WHAT YOU ARE ASKED TO DO: After finding "7.   The wheellock musket" in the material below, output its line and every line after it through the last, exactly, but not the pictures.

DATA EXCERPT:
-=-=-=-=-
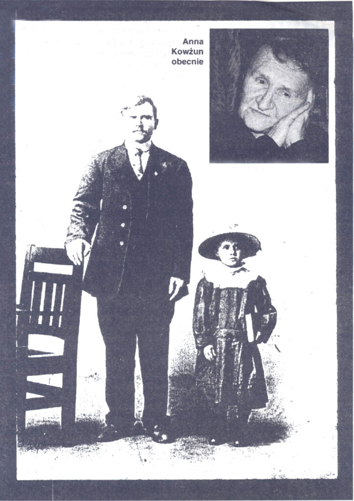 Jan Kowzun, naczelnik stacji w Pilskich Błotach – na dzisiejszej Białorusi – dochodził do trzydziestki i nie raz myślał o ożenku. Miejscowe panny generalnie nie spełniały jego oczekiwań – jedne znał zbyt dobrze, aby dopuszczać myśl o związku z którąś z nich, inne dyskwalifikowały niskie pochodzenie i niewystarczający stan majątkowy. Otwarty był zatem Jan na wszelkie kontakty z zewnątrz, a sposobności do tych nastręczało zajmowane stanowisko. Jako do naczelnika stacji właśnie zgłosiła się do niego pewnego dnia młoda kobieta w czerni, która wysiadła w czasie dłuższego, nieprzewidzianego postoju pociągu do Warszawy. Zwróciła się doń z uwagami, że jak długo podróżuje, tak podobnie zaśmieconej stacji nie spotkała. Przystojnemu Janowi udało się jednak zręcznie odejść od owego wątku i rozmowa przybrała bardziej przyjacielski obrót. Dowiedział się z niej, że rozmówczyni ma na imię Maria i że wraca z grobu swojego męża. Wraca do Warszawy, gdzie wykonuje rzadki wówczas wśród kobiet zawód dentysty. Gwizd pociągu gotowego już do odjazdu przerwał miłą pogawędkę. – Jeśli pan będzie przypadkiem w Warszawie, proszę wstąpić… – powiedziała Maria, podając Janowi dłoń na pożegnanie. Uśmiech, jakim okrasiła tę scenę, wydał się młodemu naczelnikowi stacji na tyle obiecujący, że ów „przypadek” nastąpił bardzo szybko. Po kilku wizytach Jana w Warszawie para nabrała pewności co do swych uczuć. Młody człowiek zaczął poznawać rodzinę wybranej, która do najzamożniejszych nie należała, była za to solidnie wykształcona. Spora jej część – potem nabierze to dla niego znaczenia – przeniosła się za ocean, gdzie osiedli głównie w Pensylwanii. Wkrótce po ślubie Maria obwieściła Janowi, że będą mieli dziecko. I tak w 1906 roku na świat przyszła Anna Kowżun. Maria zmarła przy narodzinach dziecka.
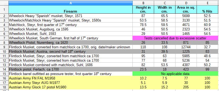 7.   The wheellock musket made in Southern Germany in the first half of the 17th century shot so inaccurately, that the tests for it were cancelled. This is shown in the chart with pink background and the words "Tests cancelled due to excessive scatter".
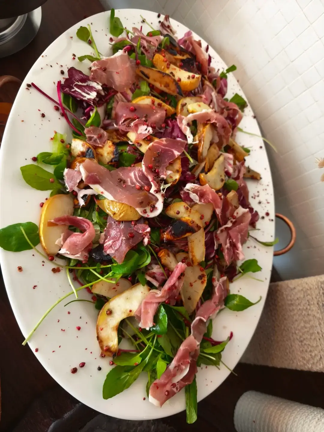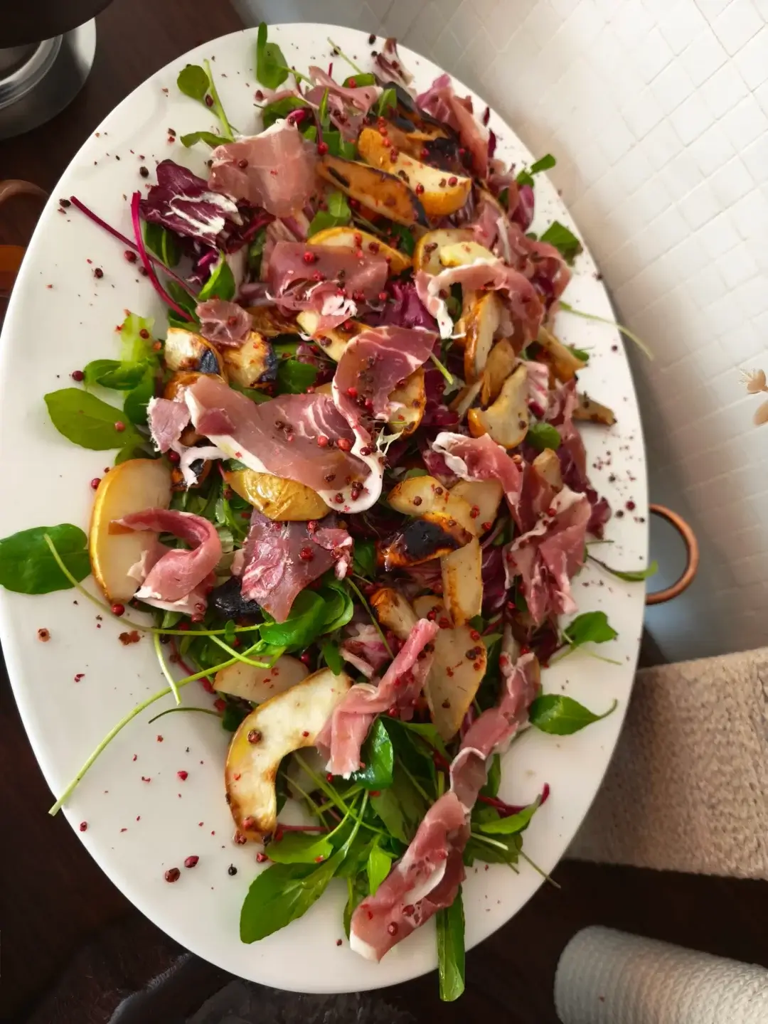 Salada de parma com pera ou pêssego: a fruta é tostada na grelha e temperada com redução de balsâmico.
-=-=-=-=-
EXERCISE RESPONSE:
 7.   The wheellock musket made in Southern Germany in the first half of the 17th century shot so inaccurately, that the tests for it were cancelled. This is shown in the chart with pink background and the words "Tests cancelled due to excessive scatter".
 Salada de parma com pera ou pêssego: a fruta é tostada na grelha e temperada com redução de balsâmico.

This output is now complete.